• _WORK INSTRUCTION_:
Output nothing except the lines from the one containing "Лонгслив для беременных" through the final line of the data, both included, typed exactly, minus the pictures.

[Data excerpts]
━━━━━━━━━━
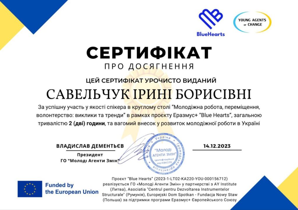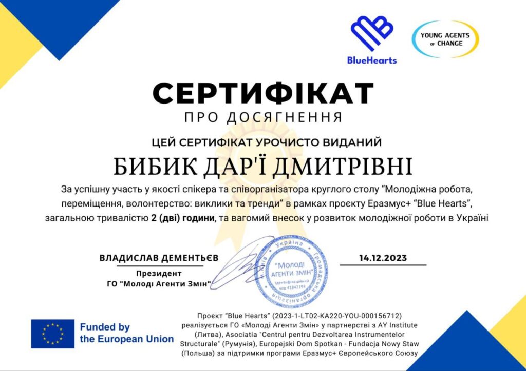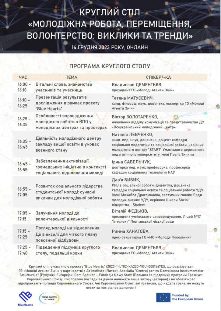 Круглий стіл є частиною проєкту “Blue Hearts” (2023-1-LT02-KA220-YOU-000156712), що реалізується ГО «Молоді Агенти Змін» у партнерстві з AY Institute (Литва), Asociatia “Centrul pentru Dezvoltarea Instrumentelor Structurale” (Румунія), Europejski Dom Spotkan – Fundacja Nowy Staw (Польша) за підтримки програми Еразмус+ Європейського Союзу.
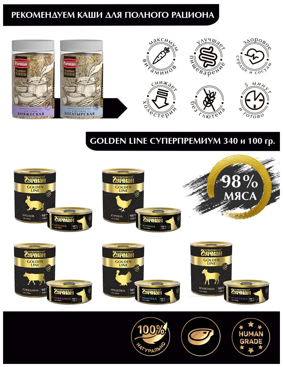 Влажный корм для собак Четвероногий гурман "Golden line Кролик", 340 г х 12 шт.
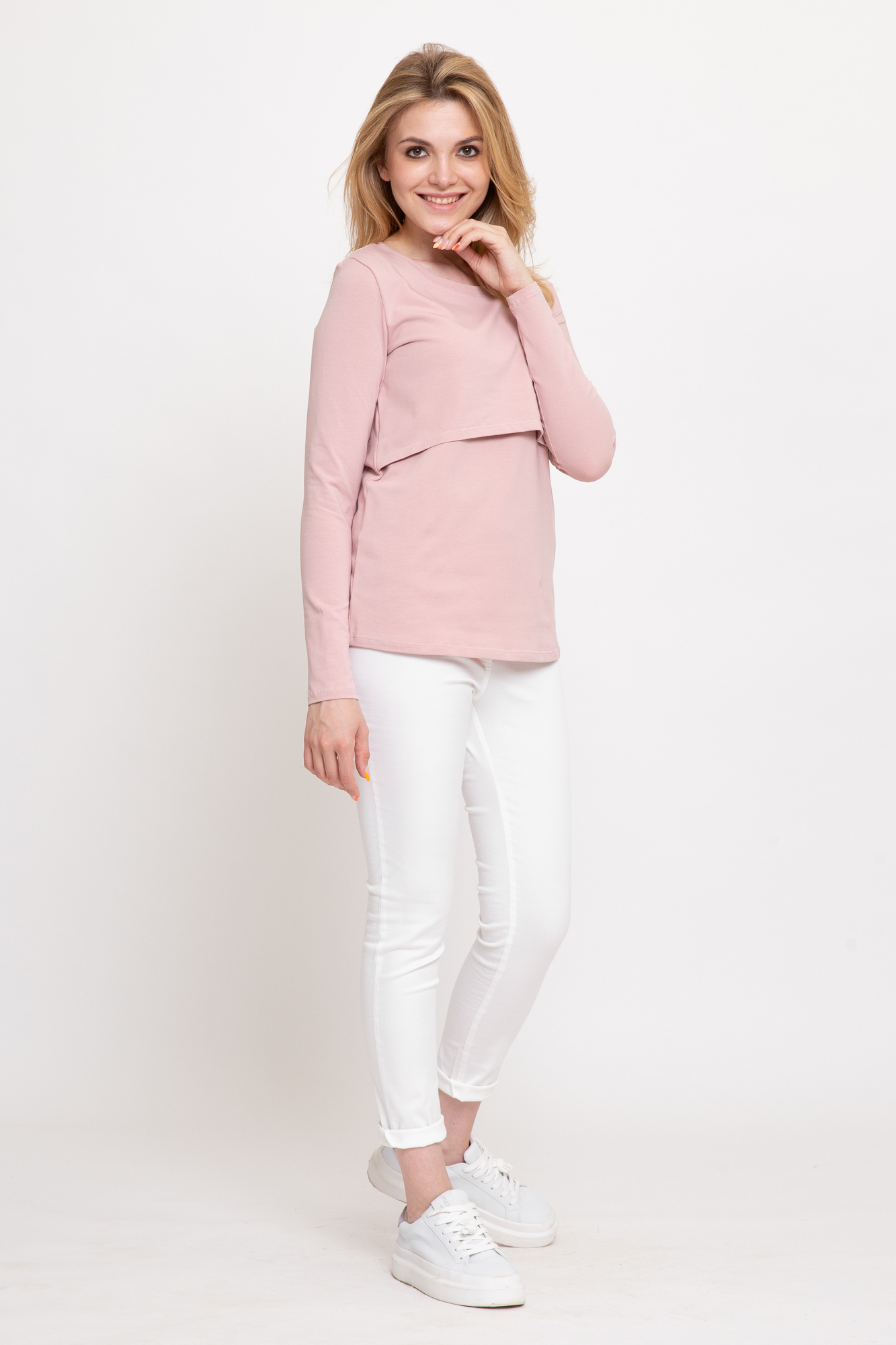 Лонгслив для беременных и кормящих. Выполнен из натурального полотна, округлый вырез горловины, длинный рукав. Специальная конструкция для кормления предоставляет возможность покормить малыша в любой ситуации с повышенным комфортом.
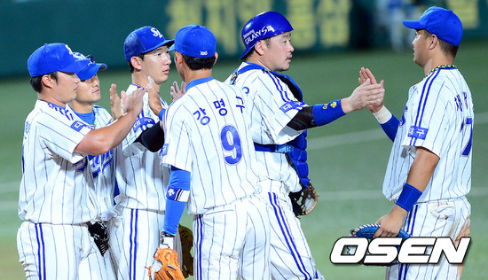 15일 오후 대구구장에서 열린 '2012 팔도 프로야구' 삼성 라이온즈와 KIA 타이거즈의 경기 종료 후 삼성 선수들이 하이파이브를 하고 있다.
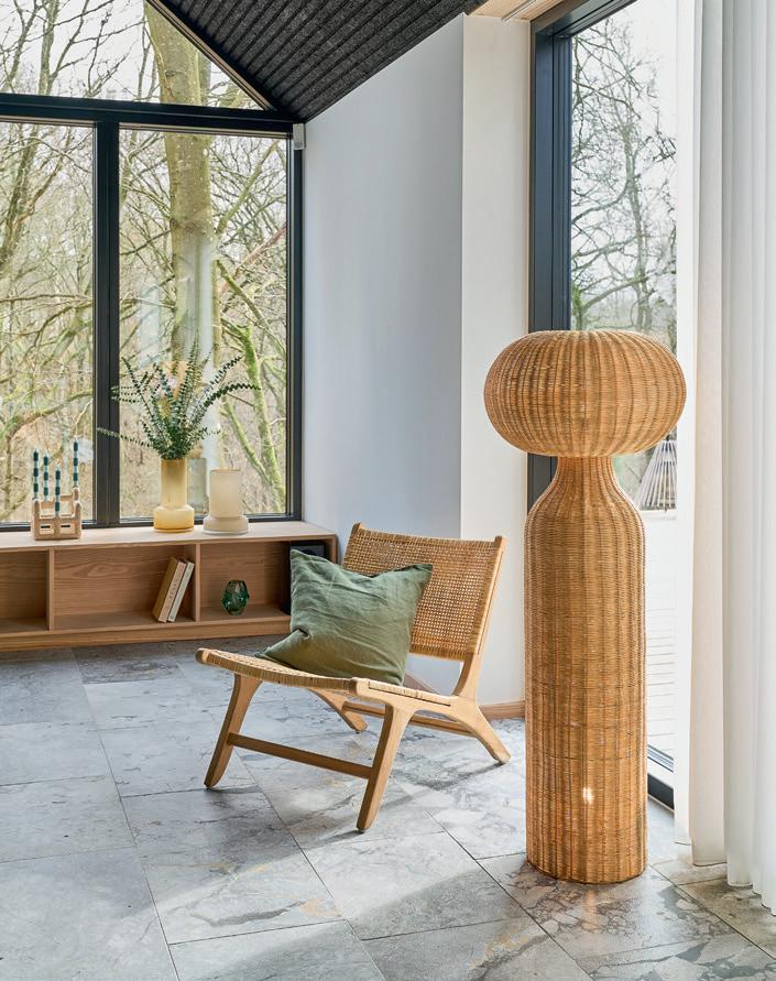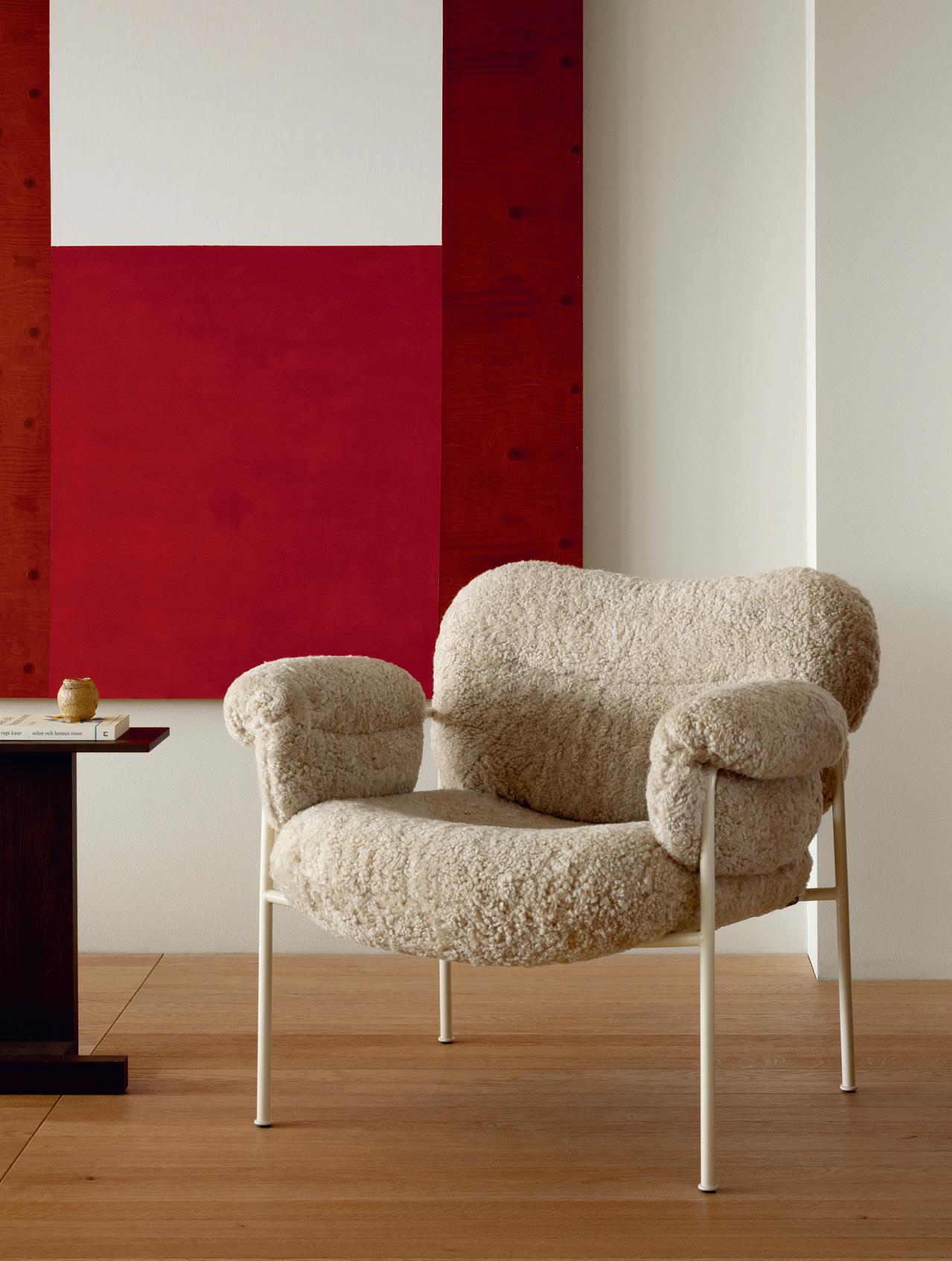 Fåtölj Bruno från Källemo. I vardags rummet skymtar soffa Sjövik från 1898 och soffbordet Androgyne från Menu.
━━━━━━━━━━
• _REPLY TO THE TASK_:
 Лонгслив для беременных и кормящих. Выполнен из натурального полотна, округлый вырез горловины, длинный рукав. Специальная конструкция для кормления предоставляет возможность покормить малыша в любой ситуации с повышенным комфортом.
 15일 오후 대구구장에서 열린 '2012 팔도 프로야구' 삼성 라이온즈와 KIA 타이거즈의 경기 종료 후 삼성 선수들이 하이파이브를 하고 있다.
 Fåtölj Bruno från Källemo. I vardags rummet skymtar soffa Sjövik från 1898 och soffbordet Androgyne från Menu.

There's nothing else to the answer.